PROBLEM REQUIREMENTS — Starting from the top of the entries below and ending with the line containing "Grįžo iš Tuniso.", restate every line word for word, pictures omitted.

+++

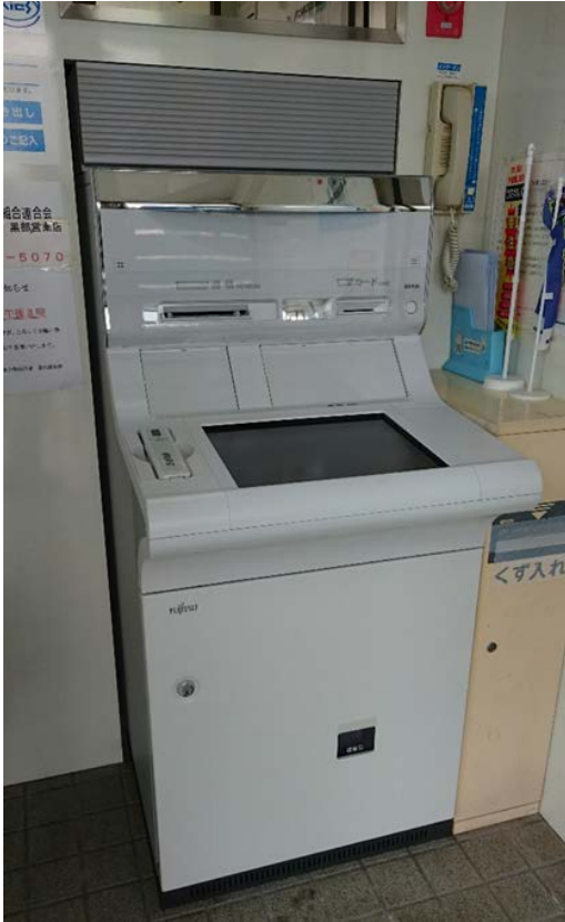
(写真は、黒部のATMです。)
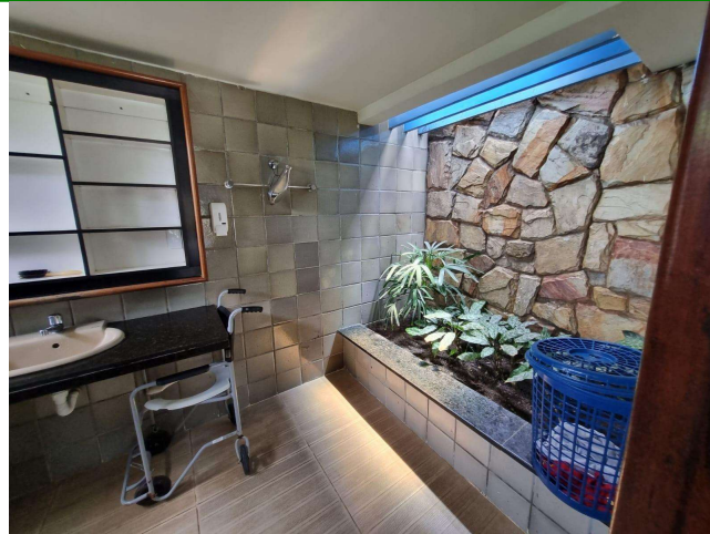
29.11. Banheiro masculino (foto 2)
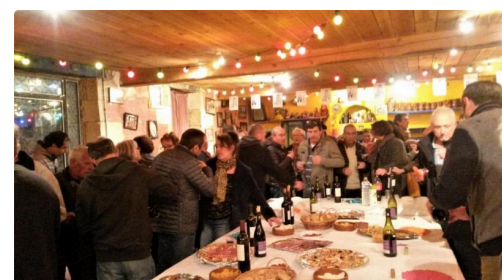
Musique et buffet
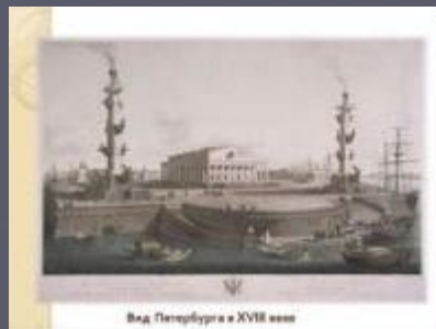
Вид Петербурга в XVIII веке

В память о великом ученом в здании Кунсткамеры (в первом ярусе башни) был открыт (в 1949) музей М. В. Ломоносова. В музее воссоздана обстановка конференц-зала Академии наук, представлены личные вещи ученого.
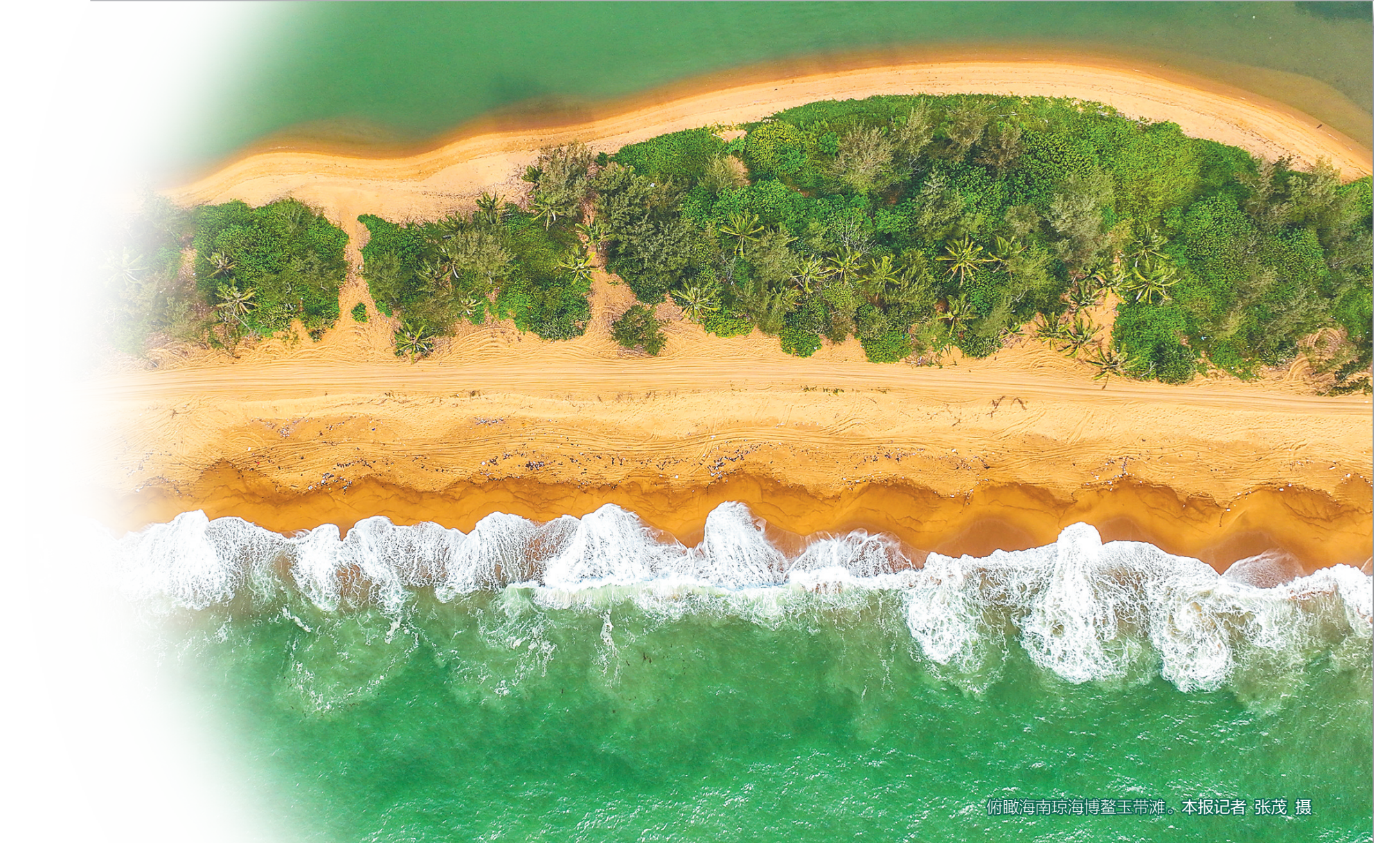
俯瞰海南琼海博鳌玉带滩。本报记者 张茂 摄
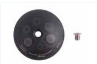
マグネティックキャップ溝付 5E10=M S/SC/M/MC用
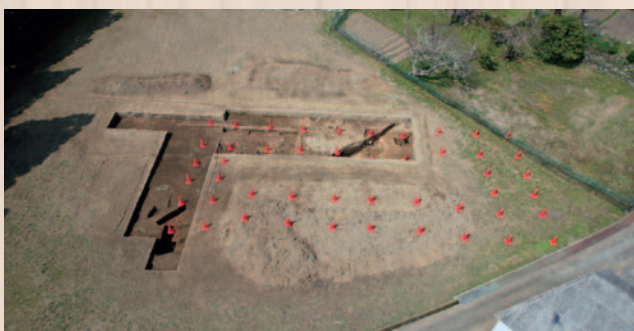
赤い三角コーンは柱跡を示す(南から発掘場所を望む)

※史跡宮滝遺跡…縄文時代から平安時代にかけての複合遺跡で縄文時代後期の土器形式「宮滝式」の標識遺跡。飛鳥時代(齊明朝)～奈良時代(聖武朝)の吉野宮跡として日本史に名を残している。
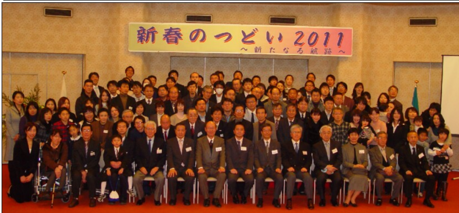
新春のつどい 2011 ～新たなる航跡～

発行所：兵庫県青年洋上大学同窓会 神戸市中央区下山手通4-16-3 兵庫県民会館7階 TEL & FAX：078-891-7419 (火曜日19時～21時以外は留守番電話) info@hyogo.yodai.net アドレス：http://hyogo.yodai.net/ 発行人：藤本 佳幸 編集人：赤松 浩一
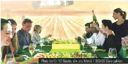
Platz ist für 12 Gäste, die pro Menü 1.500,00 Euro zahlen.
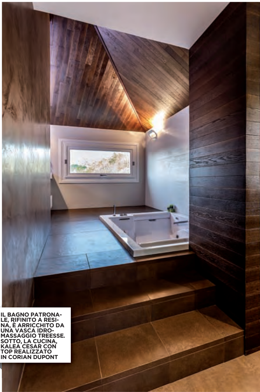
IL BAGNO PATRONALE, RIFINITO A RESINA, È ARRICCHITO DA UNA VASCA IDROMASSAGGIO TREESSE. SOTTO, LA CUCINA, KALEA CESAR CON TOP REALIZZATO IN CORIAN DUPONT
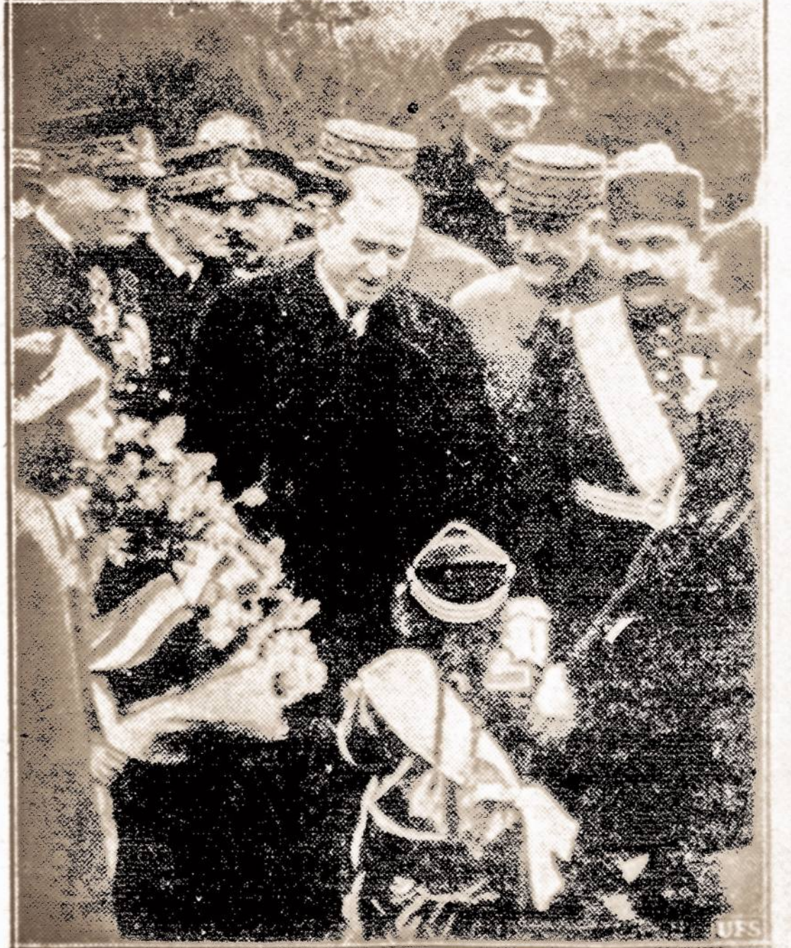
Grįžo iš Tuniso. — Prancūzijos Ministras Pirmininkas Daladier neseniai grįžo iš Tuniso į Prancūziją. Čia matyti, kaip Tunise jį iškilmingai sutiko vietos valdžios atstovai ir visuomenė.

Iš Čekoslovakijos šiomis dienomis į Palestiną bus išsiųsta 2,500 žydų, kurie anksčiau gyveno Sudetų krašte, kuris dabar yra Vokietijos teritorijos dalis.
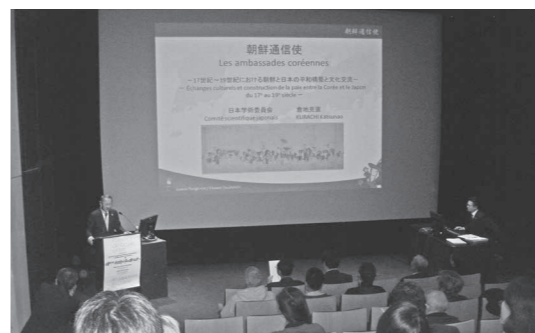
パリ日本文化会館で開催された朝鮮通信使セミナー

の関係資料の展示会、レセプションを開催するとともに、パリ日本文化会館では朝鮮通信使セミナーを開催しました。セミナーでは、日韓共同で記憶遺産に申請する意義や善隣友好の精神をお伝えすることができました。
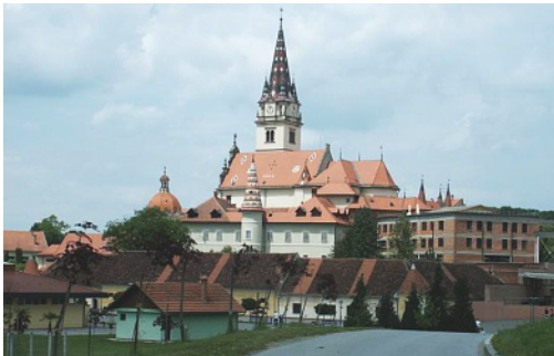
Das Nationalheiligtum Marija Bistrica
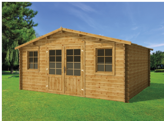
Casetta emma cm. 500x400 - Casette impregnate in autoclave - Losa Esterni da vivere
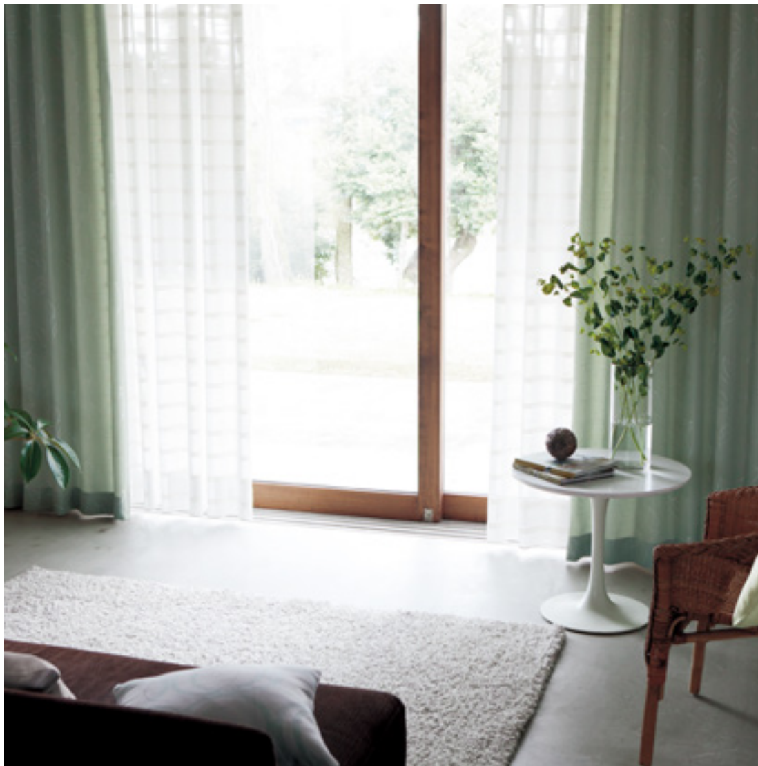
ドレープ | FT6310 (ソフトウェーブ) / レース | 非売品 / クッション | FT6291 FT6428 (プレーン)
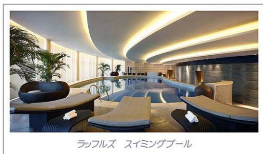
ラッフルズ スイミングプール

10の多機能トリートメントルームは、マッサージ、フェイシャルエステ、マニキュア・ペディキュアにご利用いただけます。また、広々とした2つのリラクゼーションラウンジは、フット・リフレックソロジーとマニキュア・ペディキュア専用スペースです。
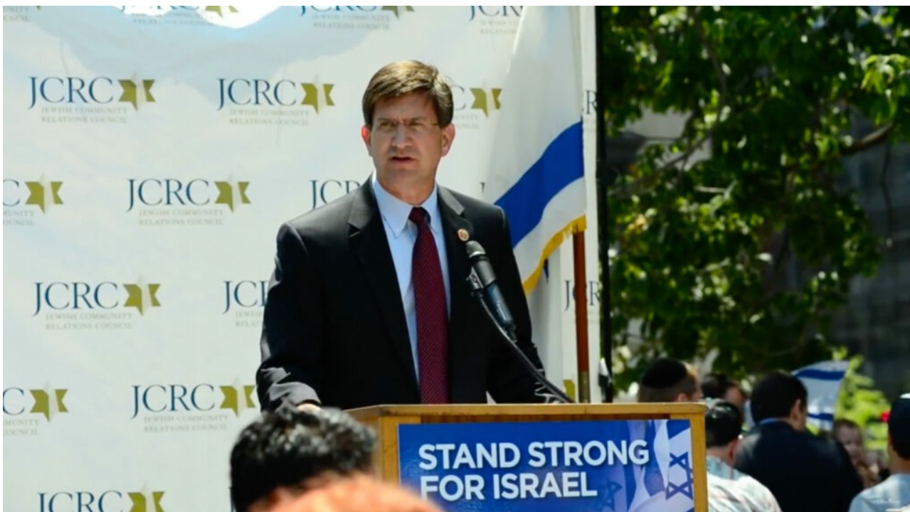
Il rappresentante del Congresso Brad Schneider, sponsor del "Guaranteeing Israel's QME Act of 2020." La foto è del discorso del 17 luglio 2014 a Washington DC, durante l' attacco di Israele a Gaza

La loro ultima soluzione per mantenere il QME israeliano, perciò, comprende la possibilità di dare a Israele il potere di veto su tali vendite di armi da parte degli USA. La soluzione legislativa illustrata dal rappresentante del Congresso Brad Schneider (Illinois) e sostenuta dall'American Israel Public Affairs Committee (AIPAC) è il "Guaranteeing Israel's QME Act of 2020."
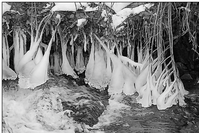
Ledy na Klínovém potoce.
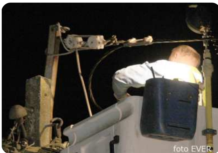
Pas nadat wij de eerste foto's hadden genomen werden de PBM boven gehaald.
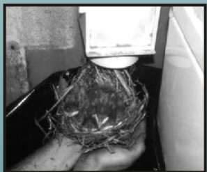
Risque d'incendie: nid et petits dans l'orifice d'aération de la sècheuse.
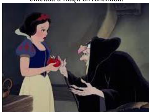
Figura 5. Cena de “Branca de Neve e os sete anões”, filme de Walt Disney de 1937. A madrasta disfarçada dá à enteada a maçã envenenada.

Diferentemente do que nos é mostrado no desenho lançado por Walt Disney em 1938, na história original dos Irmãos Grimm, muitas são as invenções da madrasta para tentar matar Branca de Neve: primeiro, ordena a um caçador que mate a menina, conforme já mencionado. Porém, ao descobrir que o mesmo não havia cumprido sua missão, decide disfarçar-se: “Pintou o rosto e vestiu-se como uma velha vendedora ambulante, tornando-se completamente irreconhecível.” Fazendo uso do disfarce, a madrasta enfeitiça um cadarço para o corpete da moça, seguindo para um pente envenenado e, por fim, a famigerada maçã envenenada.
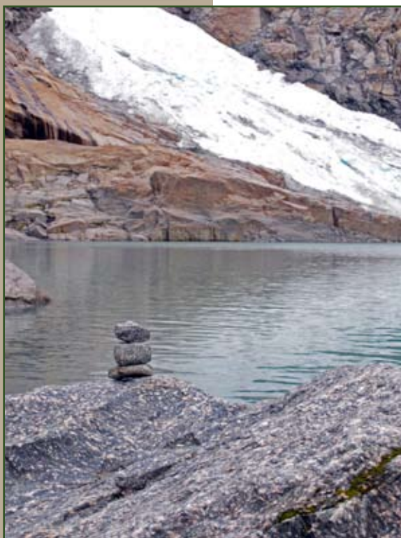
Detaljer fra Brikdals- breen.
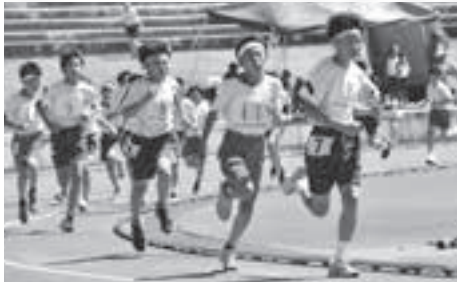
6年男子 800 m
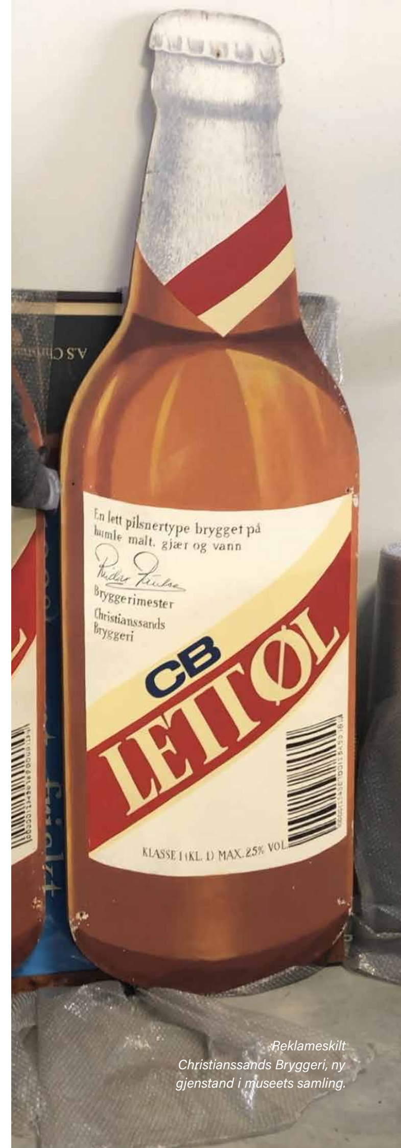
Reklameskilt Christianssands Bryggeri, ny gjenstand i museets samling.

Styret har gjennom året blitt holdt informert om virksomhetens økonomiske situasjon og økonomistyring, samt om den løpende driften av Vest-Agder-museet.

+++

TASK SOLUTION —
(写真は、黒部のATMです。)
29.11. Banheiro masculino (foto 2)
Musique et buffet
Вид Петербурга в XVIII веке

В память о великом ученом в здании Кунсткамеры (в первом ярусе башни) был открыт (в 1949) музей М. В. Ломоносова. В музее воссоздана обстановка конференц-зала Академии наук, представлены личные вещи ученого.
俯瞰海南琼海博鳌玉带滩。本报记者 张茂 摄
マグネティックキャップ溝付 5E10=M S/SC/M/MC用
赤い三角コーンは柱跡を示す(南から発掘場所を望む)

※史跡宮滝遺跡…縄文時代から平安時代にかけての複合遺跡で縄文時代後期の土器形式「宮滝式」の標識遺跡。飛鳥時代(齊明朝)～奈良時代(聖武朝)の吉野宮跡として日本史に名を残している。
新春のつどい 2011 ～新たなる航跡～

発行所：兵庫県青年洋上大学同窓会 神戸市中央区下山手通4-16-3 兵庫県民会館7階 TEL & FAX：078-891-7419 (火曜日19時～21時以外は留守番電話) info@hyogo.yodai.net アドレス：http://hyogo.yodai.net/ 発行人：藤本 佳幸 編集人：赤松 浩一
Platz ist für 12 Gäste, die pro Menü 1.500,00 Euro zahlen.
IL BAGNO PATRONALE, RIFINITO A RESINA, È ARRICCHITO DA UNA VASCA IDROMASSAGGIO TREESSE. SOTTO, LA CUCINA, KALEA CESAR CON TOP REALIZZATO IN CORIAN DUPONT
Grįžo iš Tuniso. — Prancūzijos Ministras Pirmininkas Daladier neseniai grįžo iš Tuniso į Prancūziją. Čia matyti, kaip Tunise jį iškilmingai sutiko vietos valdžios atstovai ir visuomenė.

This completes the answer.